Quantifying uncertainty in identification assumptions—this is important!

Luis Guirola writes:

I’m a poli sci student currently working on methods. I’ve seen you sometimes address questions in your blog, so here is one in case you wanted.

I recently read some of Chuck Manski book “Identification for decision and prediction”. I take his main message to be “The only way to get identification is using assumptions which are untestable”. This makes a lot of sense to me. In fact, most literature in causal applied design working in the Rubin identification tradition that is now popular in poli sci proceeds that way: first consider a research design (IV, quasi experiment, RDD, whatever) and a) justify that the conditions for identification are met and b) proceed to run the design conditional on the assumptions being true. My problem here is that the decision about a) is totally binary, and the uncertainty that I feel is associated with it is taken out of the final result.

Chuck Manski’s idea here is something like “let’s see how far we can get without making any assumptions” (or as few as possible), which takes him to set identification. But as someone educated in the bayesian tradition, I tend to feel that there must be a way of quantifying, if only subjectively or a priori, how sure we are about how sensible the identification assumptions by putting a probability distribution on them. Intuitively, that’s how I assess the state of knowledge in a certain area: if it relies on strong/implausible identification assumptions, I give less credit to its results; if I feel the assumptions are generalizable and hard to dispute, I give them more credit. But obviously, this is a very sloppy way of assesing it… I feel I must be missing something here, for otherwise I should have found more stuff on this.

My response:

Yes, I think it is would be a good idea to quantify uncertainty in identification assumptions. The basic idea would be to express your model with an additional parameter, call it phi, which equals 0 of the identification assumption holds, and is positive or negative if the assumption fails, with the magnitude of phi indexing how far off the assumption is from reality. For example, if you have a model of ignorable treatment assignment, phi could be the coefficient on an unobserved latent characteristic U in a logistic regression predicting treatment assignment; for example, Pr(T=1) = invlogit(X*beta + U*phi), where X represents observed pre-treatment predictors. The coefficient phi could never actually be estimated from data, as you don’t know U, but one could put priors on X and U based on some model of how selection could occur. One could then look at sensitivity of inferences to assumed values of phi.

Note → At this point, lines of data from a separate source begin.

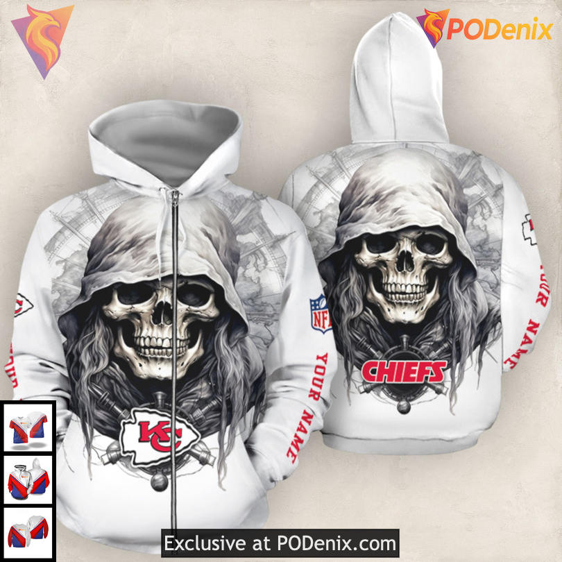 Product Information for Grim Reaper Custom Kansas City Chiefs 3D Hoodie All Over Print Edition:
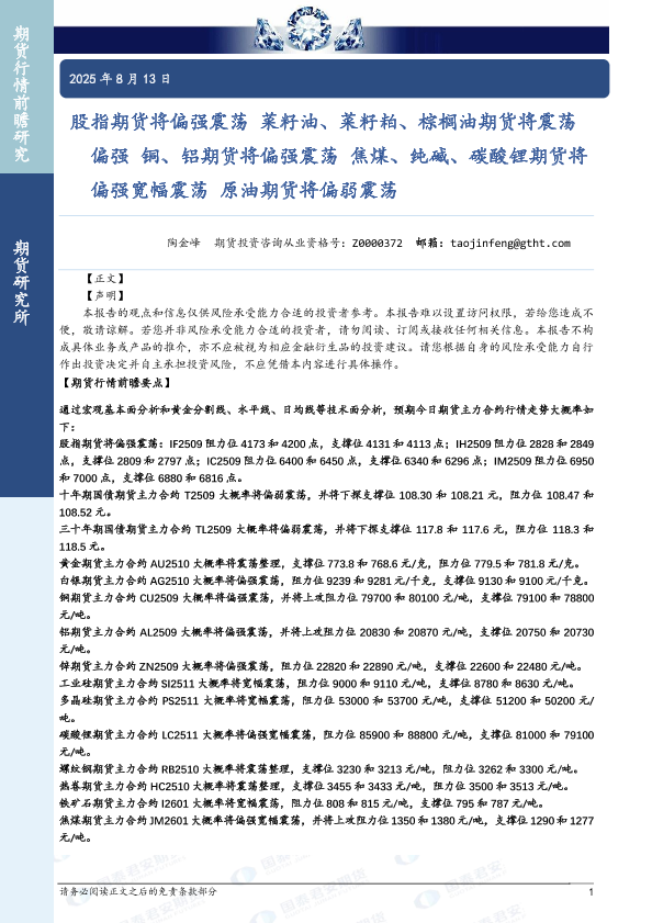 【国泰君安期货】【202508】股指期货将偏强震荡 菜籽油、菜籽粕、棕榈油期货将震荡偏强 铜、铝期货将偏强震荡 焦煤、纯碱、碳酸锂期货将偏强宽幅震荡 原油期货将偏弱震荡-37页
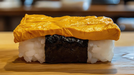 A piece of uni sushi with a rich golden hue on top of delicate rice.
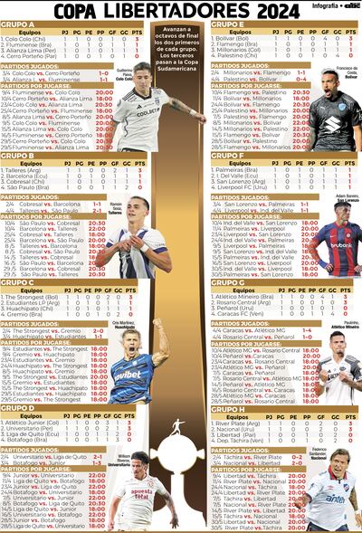 La fase de grupos comenzará este martes en la Copa Libertadores con cinco partidos entre los que destacan el del campeón de 2023, Fluminense, que recibirá al líder Colo Colo, que tiene 3 puntos, en la disputa por el primer lugar del Grupo A.
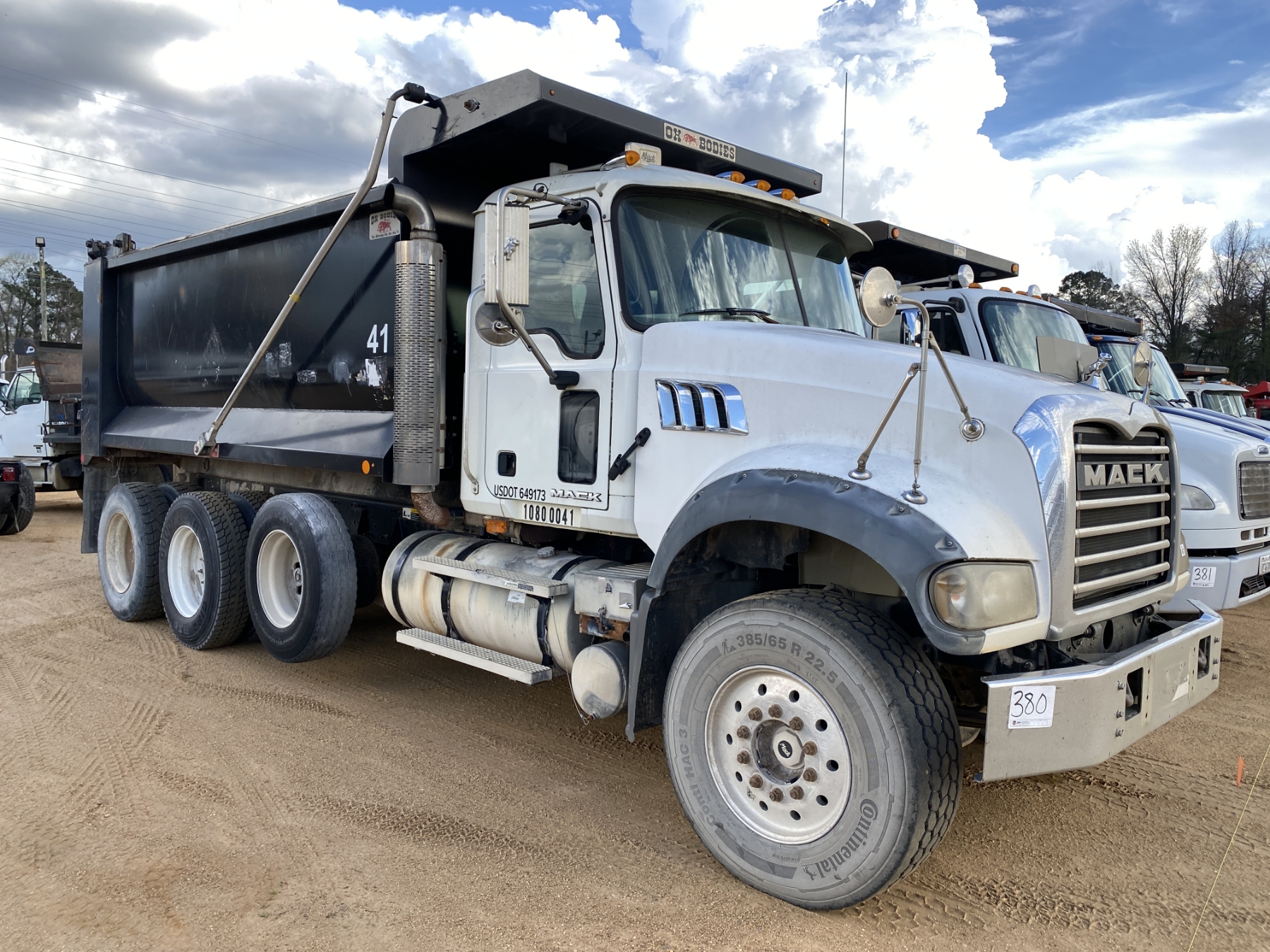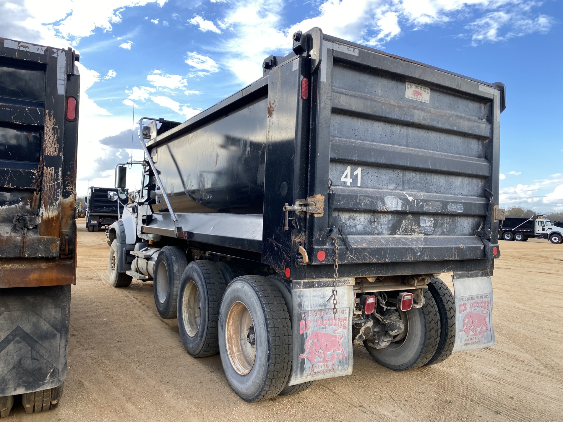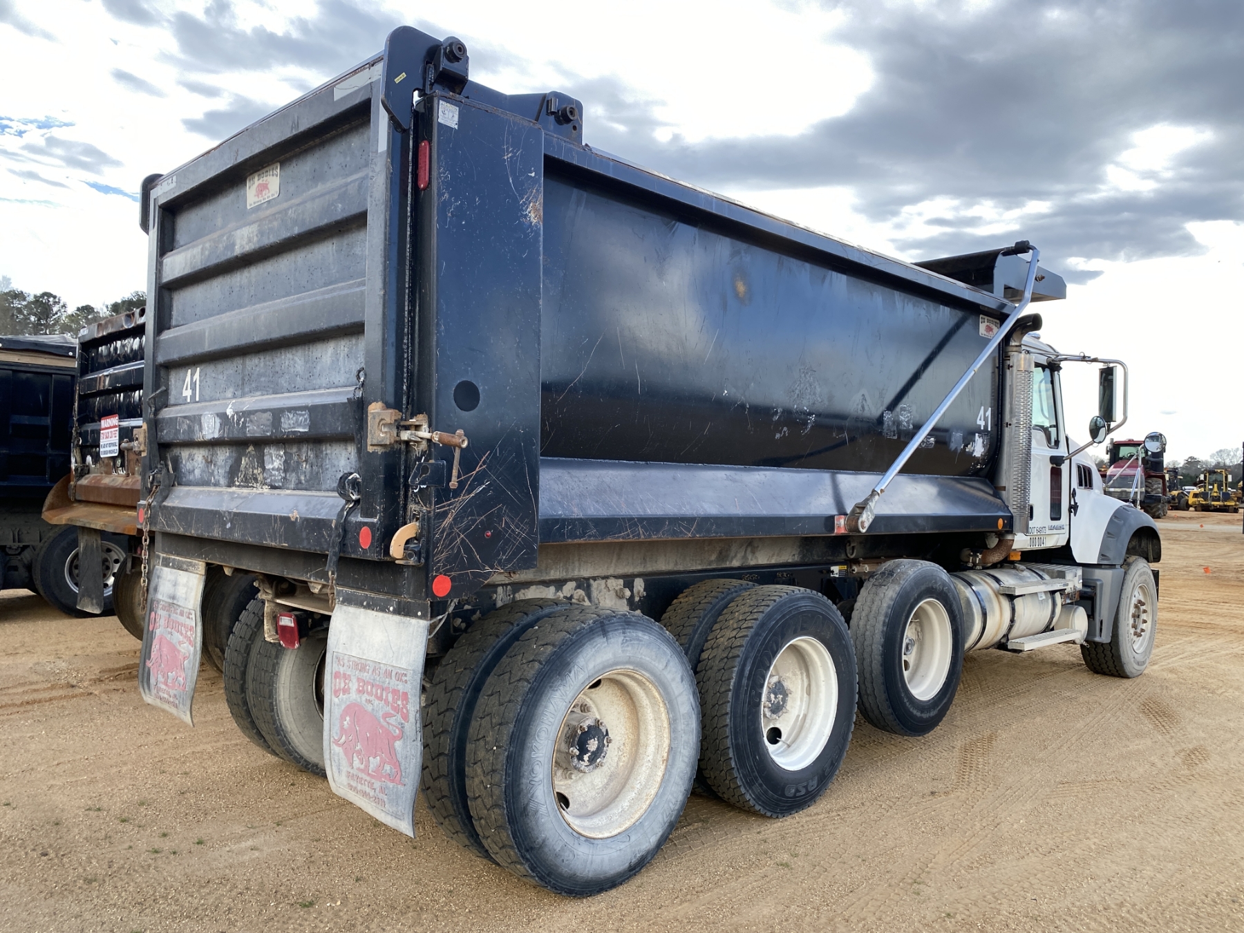 Tri Axle, Mack MP7 engine, Mack 10 speed trans, 46K rears, 18K front, 16' Hard Ox body, high-lift gate, 11R24.5 rear tires, 385/65R22.5 front tires
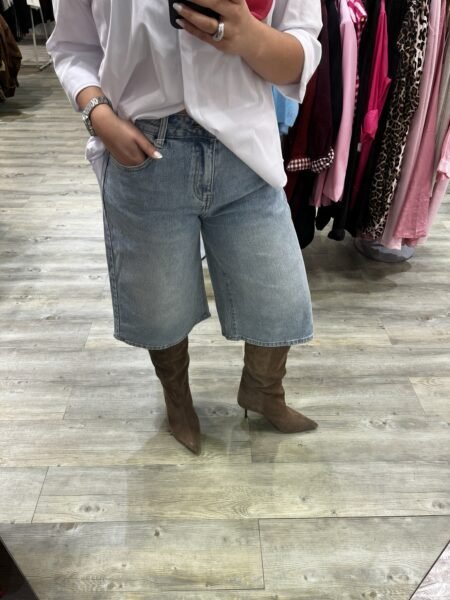 40,00 €Bermuda en jean prendre sa taille habituelle Deux poches à l’avant et à l’arrière Fermeture éclair + un bouton Composition : 63 % coton, 32 % polyester 2 % viscose 3 % elastane Lavage à 30° repassage sur l’envers  Fabriqué en Chine

I’m sure a lot of work has been done on such models—I assume they’re related to the selection models of James Heckman from the 1970s—and I think they’re worthy of more attention. My impression is that people don’t work with such models because they make life more complicated and require additional assumptions.

It’s funny: Putting a model on U and a prior on phi is a lot less restrictive—a lot less of an “assumption”—than simply setting phi to 0, which is what we always do. But the model on U and phi is explicit, whereas the phi=0 assumption is hidden so somehow it doesn’t seem so bad.

Regression models with latent variables and measurement error can be difficult to fit using usual statistical software but they’re easy to fit in Stan: you just add each new equation and distribution to the model, no problem at all. So I’m hoping that, now that Stan is widely available, people will start fitting these sorts of models. And maybe at some point this will be routine for causal inference.

At the time of this writing, I haven’t worked through any such example myself, but I think it’s potentially a very useful idea in many application areas.

22 thoughts on “Quantifying uncertainty in identification assumptions—this is important!

  1. > The coefficient phi could never actually be estimated from data, as you don’t know U, but one could put priors on X and U based on some model of how selection could occur. One could then look at sensitivity of inferences to assumed values of phi.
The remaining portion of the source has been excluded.